X-intercept	$-1 / K_m$	The closer to 0, the higher the $K_m$ (lower affinity).
Slope	$K_m / V_{max}$	Represents the ratio of affinity to maximum velocity.

3. Effects of Enzyme Inhibition

Inhibitors change the kinetics of enzymatic reactions by either competing for the active site or binding elsewhere to reduce catalytic efficiency.

Feature	Competitive (Reversible)	Noncompetitive
Resemble Substrate?	Yes	No
Bind Active Site?	Yes	No (Allosteric site)
Overcome by $\uparrow [S]$ ?	Yes	No
Effect on $V_{max}$	Unchanged	Decreased ( $\downarrow$ )
Effect on $K_m$	Increased ( $\uparrow$ )	Unchanged
Pharmacodynamics	$\downarrow$ Potency	$\downarrow$ Efficacy

Activity:

4. Irreversible Competitive Inhibition

Irreversible competitive inhibitors bind covalently to the active site. Because they cannot be displaced by substrate, they behave kinetically like noncompetitive inhibitors.

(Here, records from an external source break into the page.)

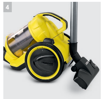
4 Парковочная позиция
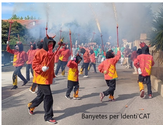
Banyetes per Identi'CAT
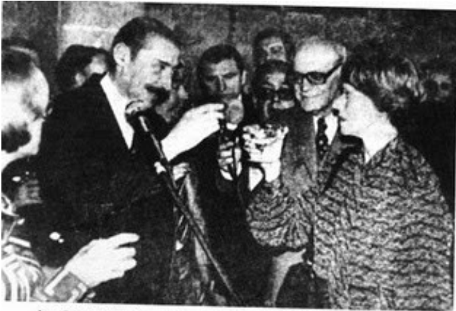
Jorge Rafael Videla y Ernestina Herrera de Noble brindan en la inauguración de la empresa "Papel Prensa". Los militares auspiciaron la formación del monopolio para que "Clarín" calle la represión y no diga nada de los desaparecidos. Todo el país pagó esta alianza aberrante.
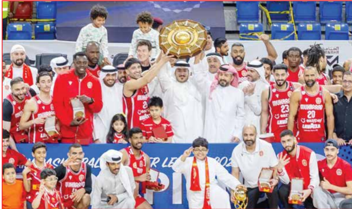
○ جانب من التتويج بدوري زين.
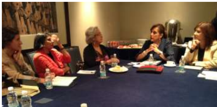
Reunión con la Relatora Especial de Naciones Unidas sobre la violencia contra las Mujeres, Sra. Rashida Manjoo.

De igual forma, destaca la reunión sostenida el 9 de julio de 2014 con la Sra. Rashida Manjoo, Relatora Especial de Naciones Unidas sobre la Violencia Contra la Mujer, sus Causas y Consecuencias. En dicha reunión, intercambiamos puntos de vista a propósito del trabajo legislativo para el ejercicio pleno del derecho de las mujeres a vivir sin violencia.

Parameter	Change	Reasoning
$V_{max}$	Decreased ( $\downarrow$ )	Reduces the effective number of available enzymes.
$K_m$	Unchanged	The remaining free enzymes have normal affinity.
Pharmacodynamics	$\downarrow$ Efficacy	The maximal effect of the drug/enzyme is lowered.

Activity:

High-Yield Clinical Pearls:

Kompetitive Inhibitors: Remember that Kompetitive inhibitors increase Km. On a Lineweaver-Burk plot, the lines will cross at the Y-axis (same $V_{max}$ ).
Noncompetitive Inhibitors: These do not cross at the Y-axis because the $V_{max}$ is different. They look like they are “pinched” together at the X-axis (same $K_m$ ).
Statins: A classic clinical example of reversible competitive inhibitors of HMG-CoA reductase.